Este pode ser o engano mais perigoso que podemos contar a nós mesmos. Um artigo da revista Time indica que as pessoas mais velhas frequentemente são mais vulneráveis aos efeitos nocivos do stress do que os mais jovens:
« A qualquer idade, o cérebro sob stress dispara um alarme que libera hormonas potencialmente nocivas como o cortisol e a adrenalina. Idealmente, o cérebro deve reduzir esse alarme quando os níveis hormonais de stress se tornam elevados. Mas essa descarga de hormonas pode ser especialmente desgastante para os cérebros das pessoas mais idosas. »
Segundo um relatório da Universidade da Califórnia em São Francisco, um excesso de cortisol ao longo dos anos pode danificar o hipocampo, uma parte do cérebro crucial para a memória e a recuperação de recordações. Vários estudos mostram que níveis elevados de cortisol estão frequentemente associados a distúrbios de memória; alguns esquecimentos podem, portanto, estar ligados ao stress.
Na realidade, de acordo com essas investigações, um sofrimento prolongado pode até aumentar o risco de doença de Alzheimer. Portanto, a partir dos 50 anos, pode ser particularmente importante refletir sobre como desejamos viver o resto das nossas vidas.
Nunca é tarde demais para deixar de contar mentiras dolorosas. Nunca é tarde demais para ser feliz.
Reflexão final sobre os casamentos infelizes

Na verdade, essas crenças frequentemente repousam mais sobre o medo do que sobre a realidade. Os dados provenientes de estudos demográficos e sociológicos mostram que é perfeitamente possível reconstruir uma vida após uma separação, mesmo aos 40, 50 ou 60 anos e além.

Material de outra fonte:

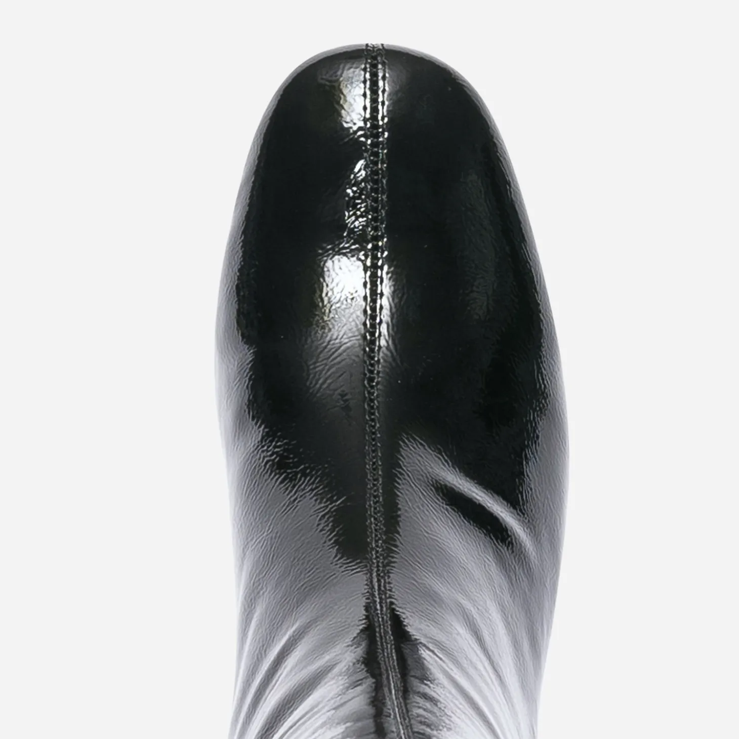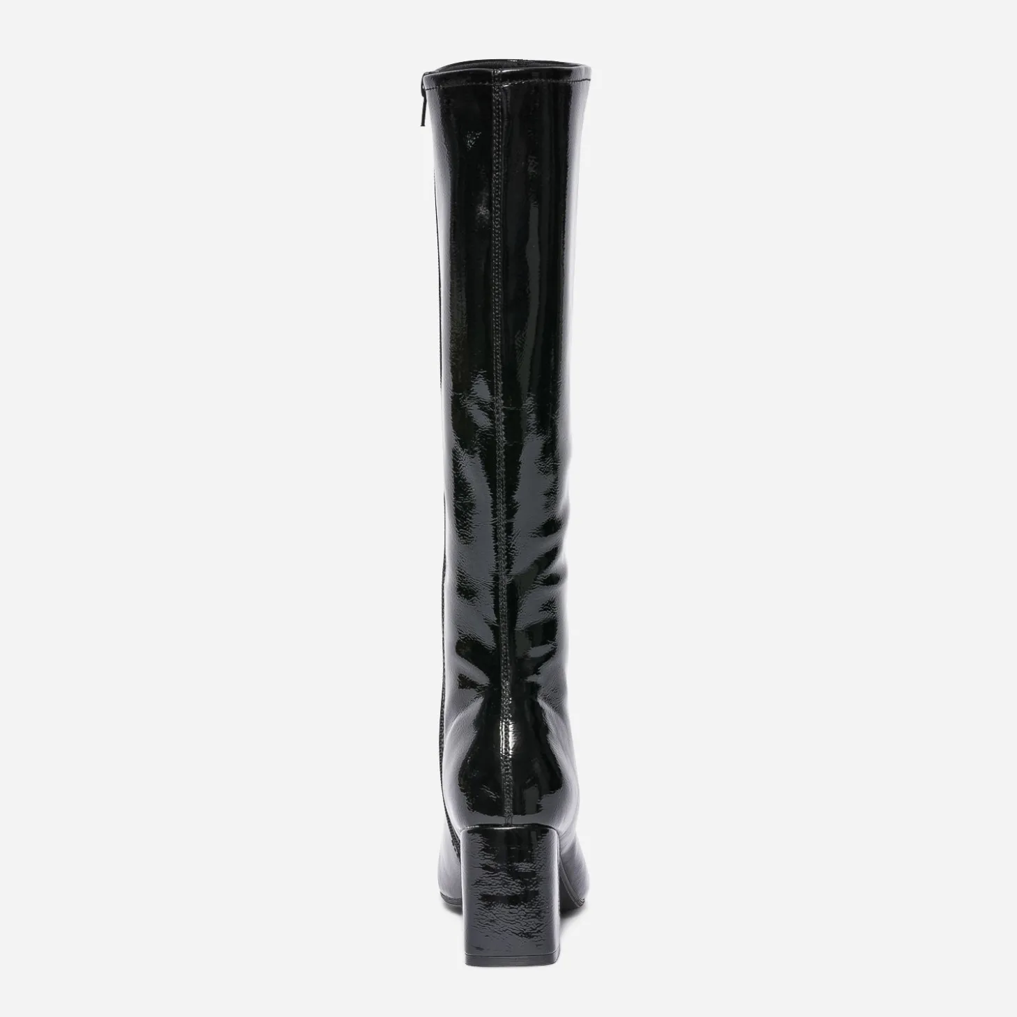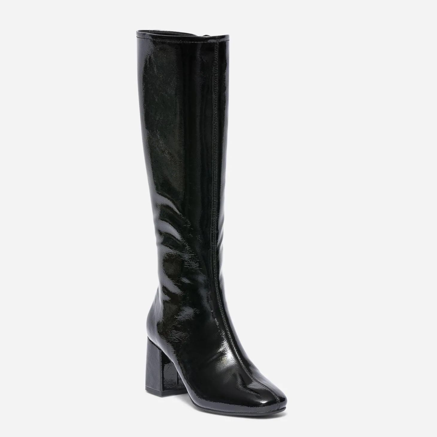 La tentation est grande ! Matière synthétique souple, coloris noir intemporel et finition vernie, cette botte sort le grand jeu pour vous séduire. Elle est montée sur un talon carré de 7 cm, idéal au quotidien. Faites l’essai avec un pull chaussette et une jupe trapèze, ou bien avec un combi short et des collants plumetis, et vous ne pourrez plus les quitter. Tour de mollet (pointure 37) : 36 cm
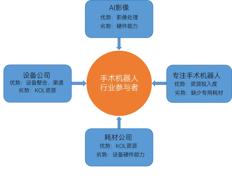 从企业端来看,目前主要有四类企业布局手术机器人,具体如下:
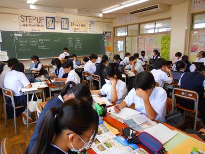 統一学校公開日・その4 公開日 2023/09/23 更新日 2023/09/23 統一学校公開日2023 9月23日(土) 5限 グループで協力して英文の読み取りを進めたり、課題をまとめたり しています。 黙々と頑張る2年生です。 (写真 上:2年1組 理科「酸素が細胞に運ばれるのはなぜだろう」) (写真 中:2年2組 英語「ホームステイの体験談を読み取ろう」) (写真 下:2年3組 社会 「九州地方にはどのような歴史と文化があるのだろう」)
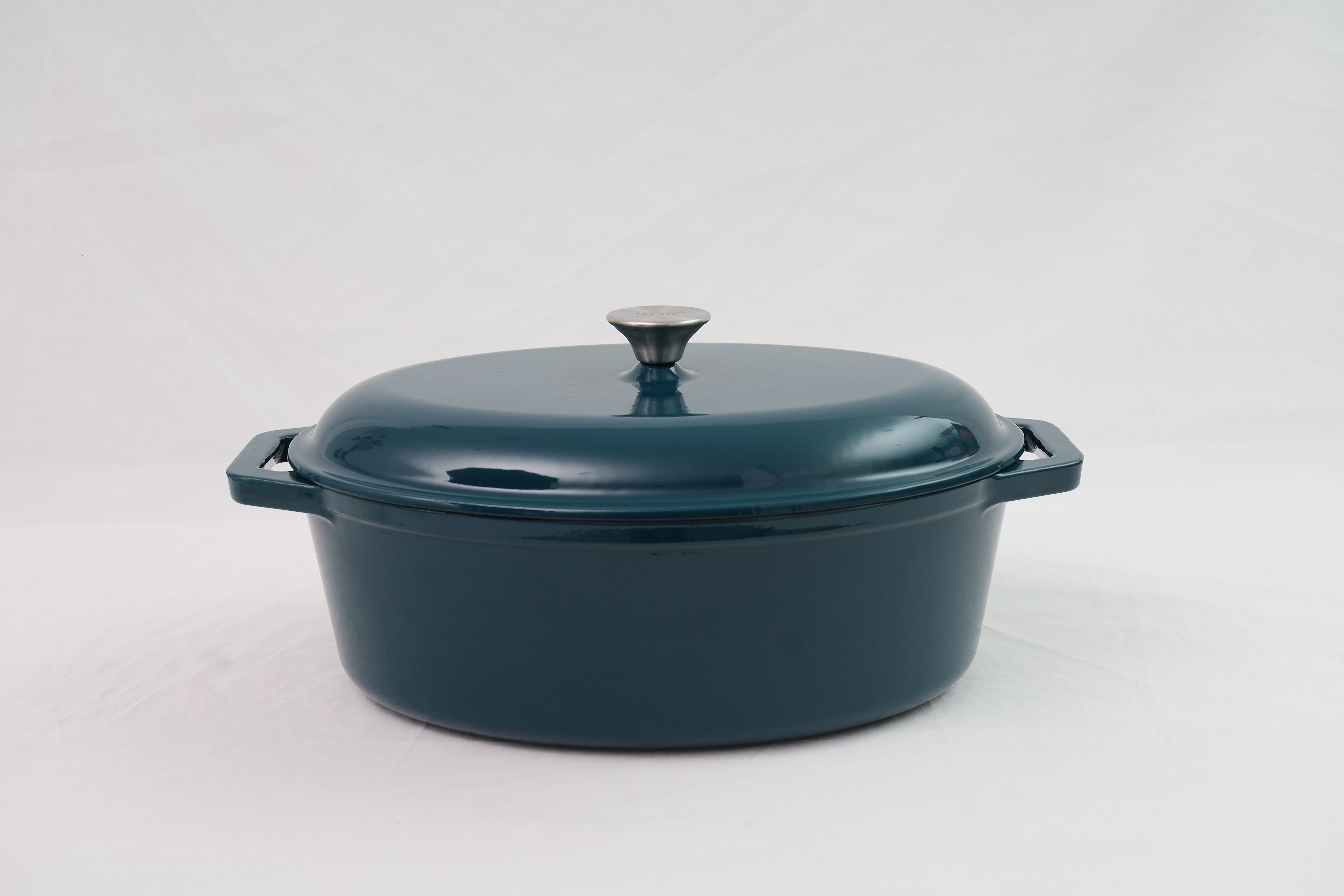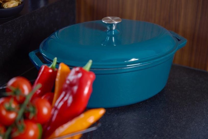 Garnek owalny NOIS 36x26,5 cm morski wykonany jest z żeliwa, z zewnątrz i wewnątrz pokryty podwójną warstwą emalii przyjazną dla środowiska i odporną na wysokie temperatury. Emaliowane żeliwo spełnia wszystkie wymagania stawiane współcześnie naczyniom w zakresie przygotowywania i przechowywania żywności. Przy odpowiednim użytkowaniu przyrządzane w nich potrawy zachowują witaminy i składniki odżywcze. Masywna i szczelnie przylegająca pokrywa o specjalnej konstrukcji utrzymuje parę w naczyniu i zapewnia optymalne gotowanie. Para wodna skrapla się na wewnętrznej stronie pokrywy, a kapiąca woda równomiernie spływa na powierzchnię potraw, dzięki czemu są one soczyste i smaczne. Wszystkie części żeliwnego naczynia (dno, ścianki, pokrywa) równie długo utrzymują ciepło. Daje to pewność, że po nakryciu stołu potrawy długo pozostaną gorące. Emaliowana powierzchnia jest łatwa w utrzymaniu i czyszczeniu oraz ma estetyczny wygląd. W przeciwieństwie do tradycyjnych naczyń, w prezentowanych można przez długi czas przechowywać wcześniej przygotowane potrawy.
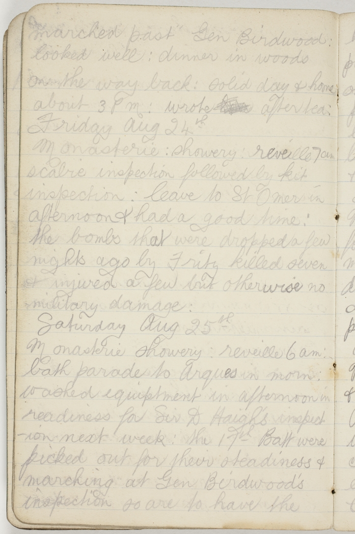 Monasterie : reveille 4 am : fell in & marched to the other side of Arques for a practice divisional inspection : Batt done well & were congratulated : one Batt out of each Bgde are to march past in Column of platoon is the latest
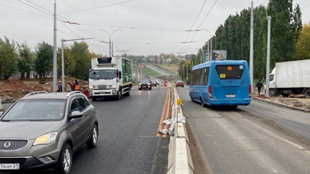 В настоящее время открыто движение автотранспорта от проспекта Никольского по трем полосам, от улицы Фучика – по двум, поскольку одна полоса перегорожена для выполнения строительно-монтажных работ на участке съезда в правую сторону, к нижней части улицы Гражданская.
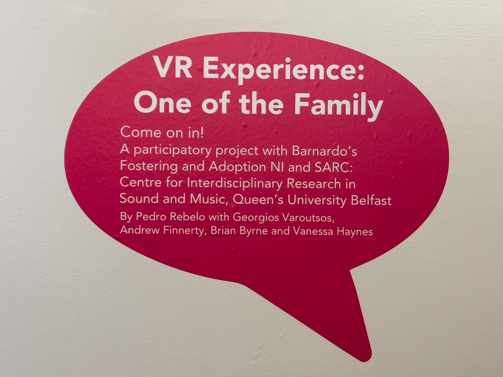 The team from SARC has been working with Barnardos NI and participating families, to create an immersive experience that combines sound, 360º video and a three channel 24 minute film, to tell foster and adoption stories from a first person perspective. Exploring the everyday, the places and experiences of families, this participatory artwork provides a unique insight into what it is like to be part of a family who foster or adopt in Northern Ireland.

A solidão, os novos encontros e as recomposições familiares tornaram-se percursos de vida comuns, longe da ideia de um “ponto de não retorno”. Muitas pessoas redescobrem, após uma ruptura ou divórcio, uma forma de estabilidade, liberdade e, por vezes, até mesmo um crescimento que não experienciaram há muito tempo.
Assim, no fundo, a verdadeira questão não é a idade nem as estatísticas, mas sim a capacidade de questionar as ideias que alimentam o medo e a resignação. Enquanto acreditarmos que estamos “demasiado velhos”, “presos” ou “condenados a ficar” em casamentos infelizes, permaneceremos aprisionados numa situação que poderia, no entanto, evoluir.

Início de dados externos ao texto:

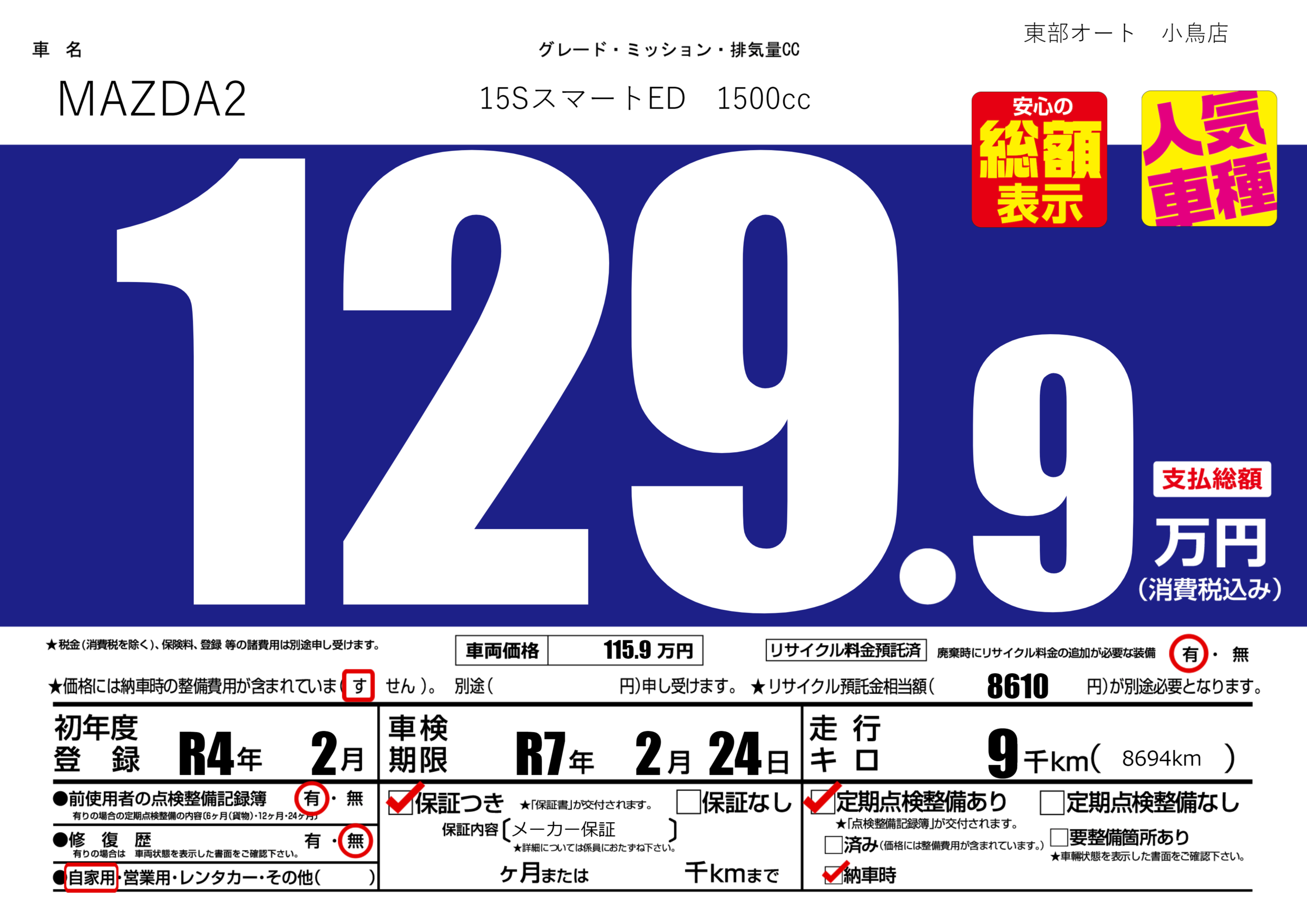 | 車名 | MAZDA2 | グレード ミッション 排気量 |
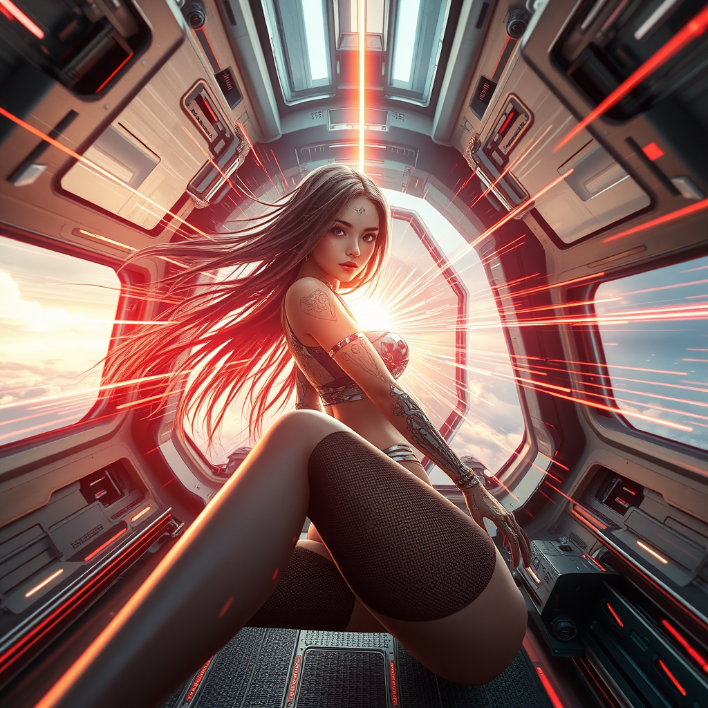 A futuristic girl with cyberpunk enhancements, featuring sleek prosthetics and single stocking, her long hair flowing. Inside a spaceship with advanced design, set in a sci-fi world. The scene is hyper-detailed, with a brilliant laser at the center and beams of light streaking from the sky. Energy clusters vibrate throughout, adding a sense of acceleration and momentum. The environment is depicted with photorealism and hyper-realism, capturing the essence of speed and dynamic motion. It's a cinematic artwork with long exposure effects, rendered in 8K HD super resolution.
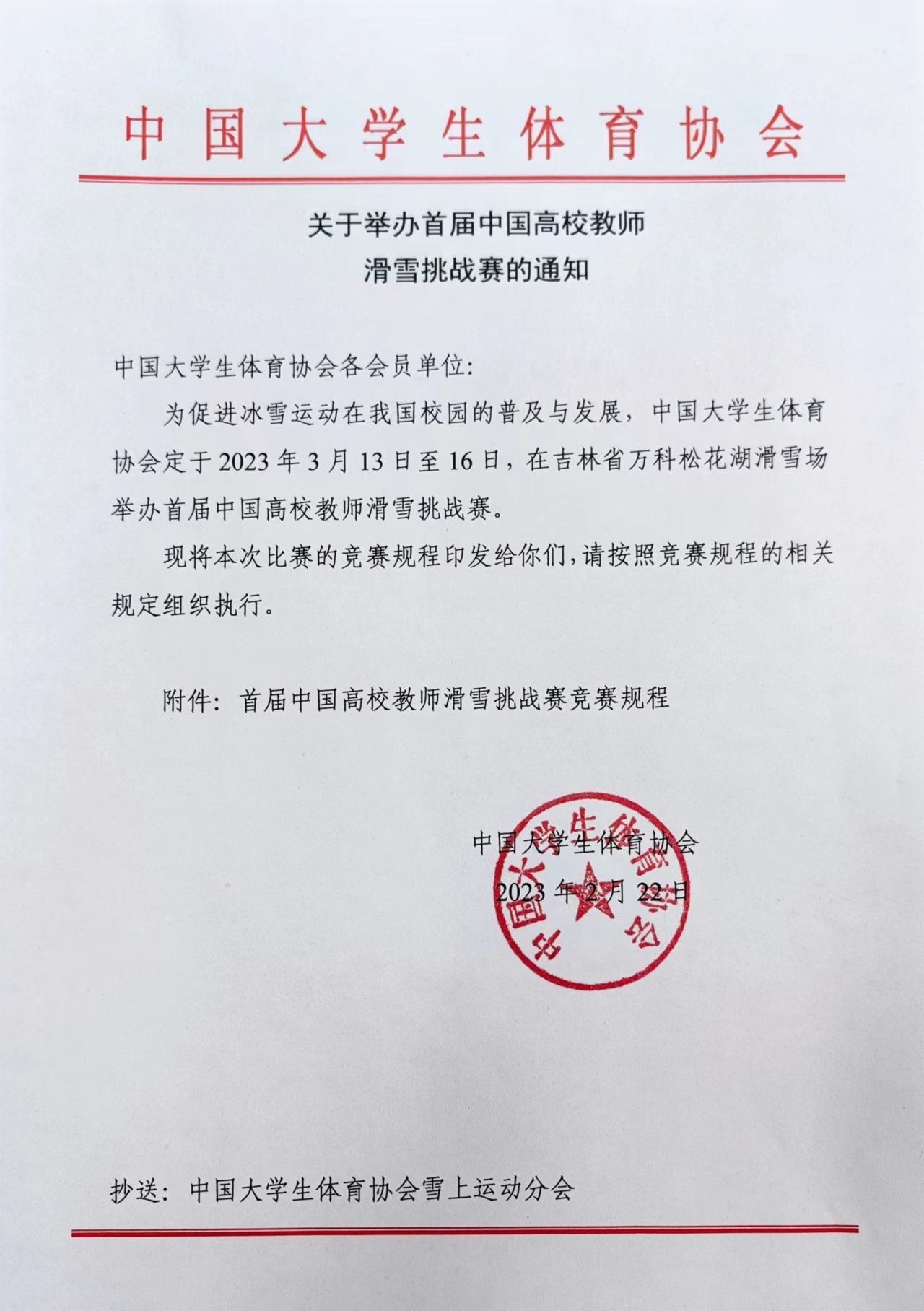 關(guān)于舉辦首屆中國(guó)高校教師滑雪挑戰(zhàn)賽的通知

Nunca é tarde demais para reconsiderar as nossas escolhas, redefinir os nossos limites e construir uma vida mais tranquila.
Este artigo é meramente informativo e de reflexão. Não constitui, em circunstância alguma, um conselho médico, psicológico ou profissional. As noções apresentadas baseiam-se em investigações publicadas, bem como em observações editoriais, e não resultam de uma avaliação clínica. Para a sua situação particular, deverá consultar um profissional qualificado.